#### [RECORDS FOR THIS TASK]
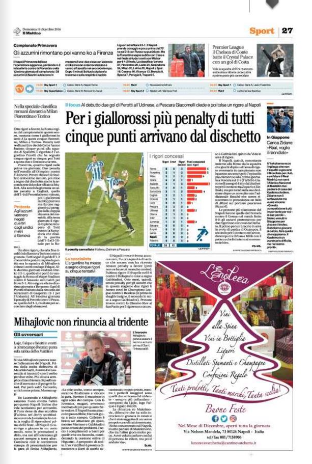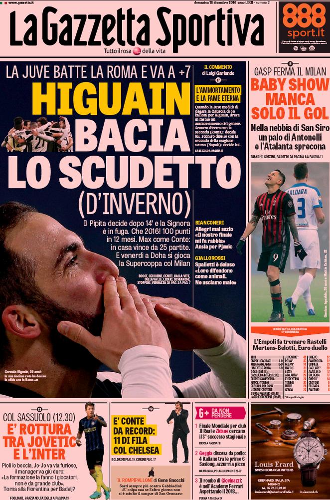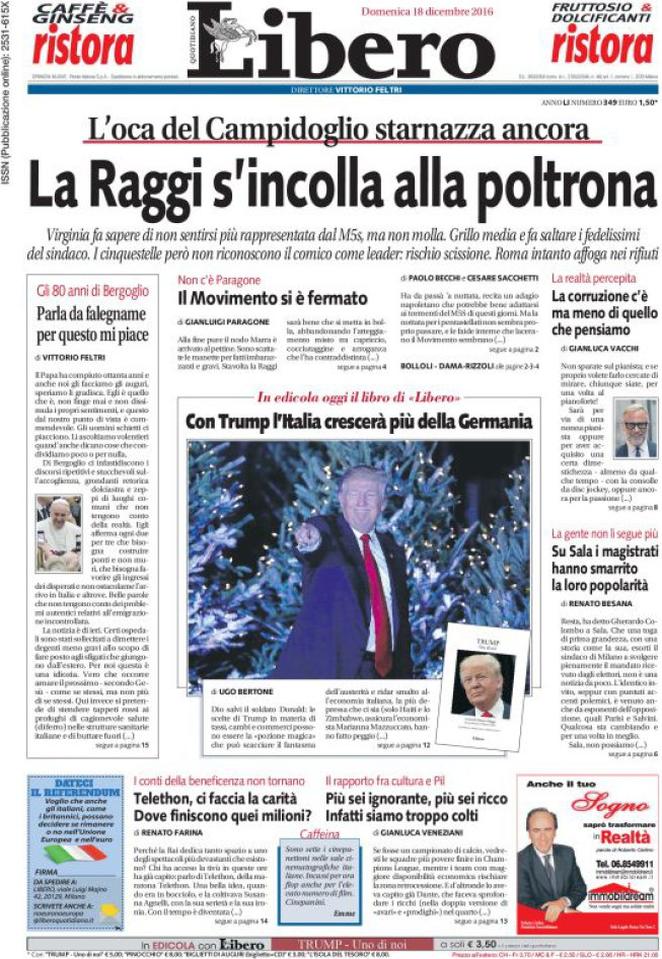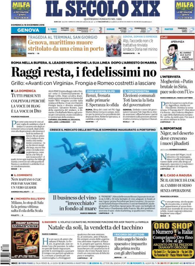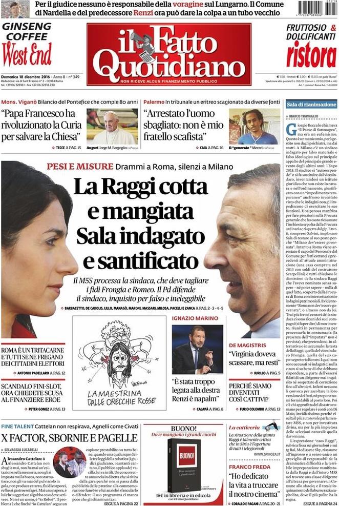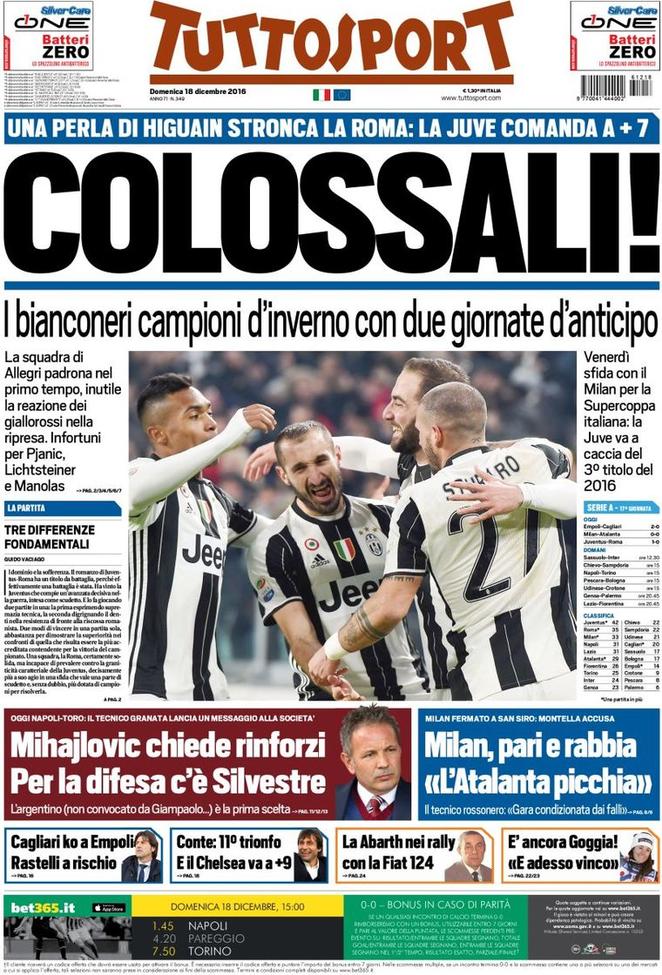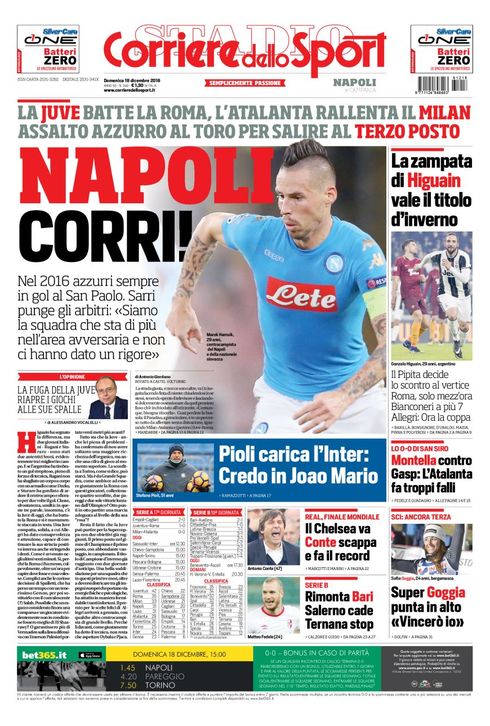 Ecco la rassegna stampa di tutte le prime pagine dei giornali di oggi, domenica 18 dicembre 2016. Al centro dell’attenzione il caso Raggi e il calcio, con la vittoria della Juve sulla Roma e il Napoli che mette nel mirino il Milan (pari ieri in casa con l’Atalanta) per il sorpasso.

--

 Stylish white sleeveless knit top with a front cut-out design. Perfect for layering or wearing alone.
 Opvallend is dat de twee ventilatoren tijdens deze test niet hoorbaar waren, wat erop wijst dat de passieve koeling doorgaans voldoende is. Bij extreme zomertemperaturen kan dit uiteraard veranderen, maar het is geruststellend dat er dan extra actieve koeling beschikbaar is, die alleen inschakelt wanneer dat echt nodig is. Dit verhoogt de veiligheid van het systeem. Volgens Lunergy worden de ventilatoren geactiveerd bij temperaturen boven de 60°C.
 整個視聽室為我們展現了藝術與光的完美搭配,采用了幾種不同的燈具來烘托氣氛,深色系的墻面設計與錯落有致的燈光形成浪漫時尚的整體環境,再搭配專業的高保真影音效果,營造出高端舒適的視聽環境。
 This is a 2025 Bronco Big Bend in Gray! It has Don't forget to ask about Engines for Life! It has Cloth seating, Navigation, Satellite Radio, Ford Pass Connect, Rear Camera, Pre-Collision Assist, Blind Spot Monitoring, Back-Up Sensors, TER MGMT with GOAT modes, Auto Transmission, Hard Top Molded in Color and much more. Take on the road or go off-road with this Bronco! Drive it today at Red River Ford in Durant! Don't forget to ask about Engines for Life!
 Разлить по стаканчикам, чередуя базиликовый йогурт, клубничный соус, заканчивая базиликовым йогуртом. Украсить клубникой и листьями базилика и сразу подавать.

...

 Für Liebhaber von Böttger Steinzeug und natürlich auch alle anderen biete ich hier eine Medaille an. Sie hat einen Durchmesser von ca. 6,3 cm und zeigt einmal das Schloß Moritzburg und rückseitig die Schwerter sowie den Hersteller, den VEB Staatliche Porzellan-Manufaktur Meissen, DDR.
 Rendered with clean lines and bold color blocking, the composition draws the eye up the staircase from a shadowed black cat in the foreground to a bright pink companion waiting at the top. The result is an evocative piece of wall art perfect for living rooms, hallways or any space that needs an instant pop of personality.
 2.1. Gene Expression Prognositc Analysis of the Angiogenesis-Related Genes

#### [WHAT TO DO]
Reproduce verbatim only the segment of the listing bounded by the line containing "This is a 2025" and the line containing "Разлить по стаканчикам, чередуя", with both boundary lines included.

#### [SOLUTION TO THIS EXERCISE]
 This is a 2025 Bronco Big Bend in Gray! It has Don't forget to ask about Engines for Life! It has Cloth seating, Navigation, Satellite Radio, Ford Pass Connect, Rear Camera, Pre-Collision Assist, Blind Spot Monitoring, Back-Up Sensors, TER MGMT with GOAT modes, Auto Transmission, Hard Top Molded in Color and much more. Take on the road or go off-road with this Bronco! Drive it today at Red River Ford in Durant! Don't forget to ask about Engines for Life!
 Разлить по стаканчикам, чередуя базиликовый йогурт, клубничный соус, заканчивая базиликовым йогуртом. Украсить клубникой и листьями базилика и сразу подавать.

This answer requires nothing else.